Five hundred years after the Arab conquest, Egypt was still a substantially Christian country (p.211)

The Nubians were Christians, as were the majority of Egyptians (p.235)

– these Christians had suffered under the lordship of the Muslim Arabs who came rampaging out of Arabia in the 700s and quickly conquered north up the coast of Palestine into Syria, eastwards conquered the old Persian Empire, and westwards conquered Egypt and beyond

– but, despite centuries of inter-marriage, the Arabs remained an aristocracy, thinking of themselves as lords, knights, emirs and rulers over a broad population of subservient serfs and these serfs remained predominantly Christian

– through the three hundred years from the mid-700s to the mid-1000s these Christian populations suffered from being second-class citizens, forced to wear clothes which identified them as dhimmis and, occasionally, when the oppression got really bad, forced to wear halters round their necks or be branded

– meanwhile they were forbidden to repair existing churches, build any new ones, and had to stand by while existing ones were often desecrated and destroyed in periodic waves of persecution or forcibly converted into mosques

So Haag’s central point, rammed home on scores of occasions, with all the data he can muster, is that it was not the Crusaders who were the foreign invaders – it was the Muslim Arabs. It was the Arabs who had invaded and conquered Christian Egypt, Christian Palestine, Christian Syria and raided into Christian Anatolia.

Bethlehem where Jesus was born, Nazareth Jesus’ home town, the River Jordan where Jesus was baptised, Jerusalem where Jesus was crucified and rose again, Tarsus where the apostle Paul came from, Antioch where the followers of Jesus were first named ‘Christians’, Damascus, on the road to which Paul had his great conversion experience – all these lands had, by about 400, become solidly Christian and were ruled by the Christian Roman Empire.
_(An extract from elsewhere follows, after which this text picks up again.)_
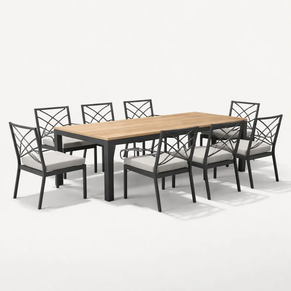 Outdoor-Essgruppe aus massivem Eichenholz mit Tisch und 8 Stahlstühlen mit Kissen

It was the Arabs who invaded and conquered them and subjected the Christian inhabitants to all kinds of discrimination and persecution. Christians were forbidden to build new churches or repair old ones. Thousands of churches were destroyed or converted into mosques. There were periodic massacres which triggered pleas from Christian leaders in the region to the Emperor in Constantinople for help, with the result that the Byzantine Empire and the Muslim invaders in the East were permanently at war.

And it wasn’t just the Arabs who were the alien invaders…
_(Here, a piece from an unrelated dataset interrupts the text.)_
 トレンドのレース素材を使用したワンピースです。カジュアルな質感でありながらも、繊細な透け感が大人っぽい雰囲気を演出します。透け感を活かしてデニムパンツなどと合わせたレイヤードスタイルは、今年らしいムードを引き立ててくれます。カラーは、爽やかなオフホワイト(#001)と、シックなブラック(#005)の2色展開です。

The Seljuk Turks add to the chaos

What specifically triggered the Crusades was the arrival of a third force on the scene, the Seljuk Turks, who swept out of central Asia, converted to Islam, and conquered Muslim Persia including the capital of the Abbasid Dynasty, Baghdad, in 1055.

From the 1060s the Seljuks besieged and took various cities in Palestine, as well as probing the eastern edges of Anatolia the borders of the Byzantine Empire. Their ultimate goal was to tackle the Fatimid Dynasty based on Egypt. The Turks had converted to the majority or Sunni brand of Islam. A territorial ambition to seize Egypt centrepiece of the Muslim lands was compounded by the fact that the Fatimids were adherents to Shia Islam, which Sunnis regard as a heresy.

The Fatimids, for their part, also wanted control of (at least southern) Palestine, in order to create a buffer against the insurgent Turks. This meant that the two Muslim opponents clashed in various battles, at various times throughout the later 11th century, taking and retaking bits of Palestine from each other.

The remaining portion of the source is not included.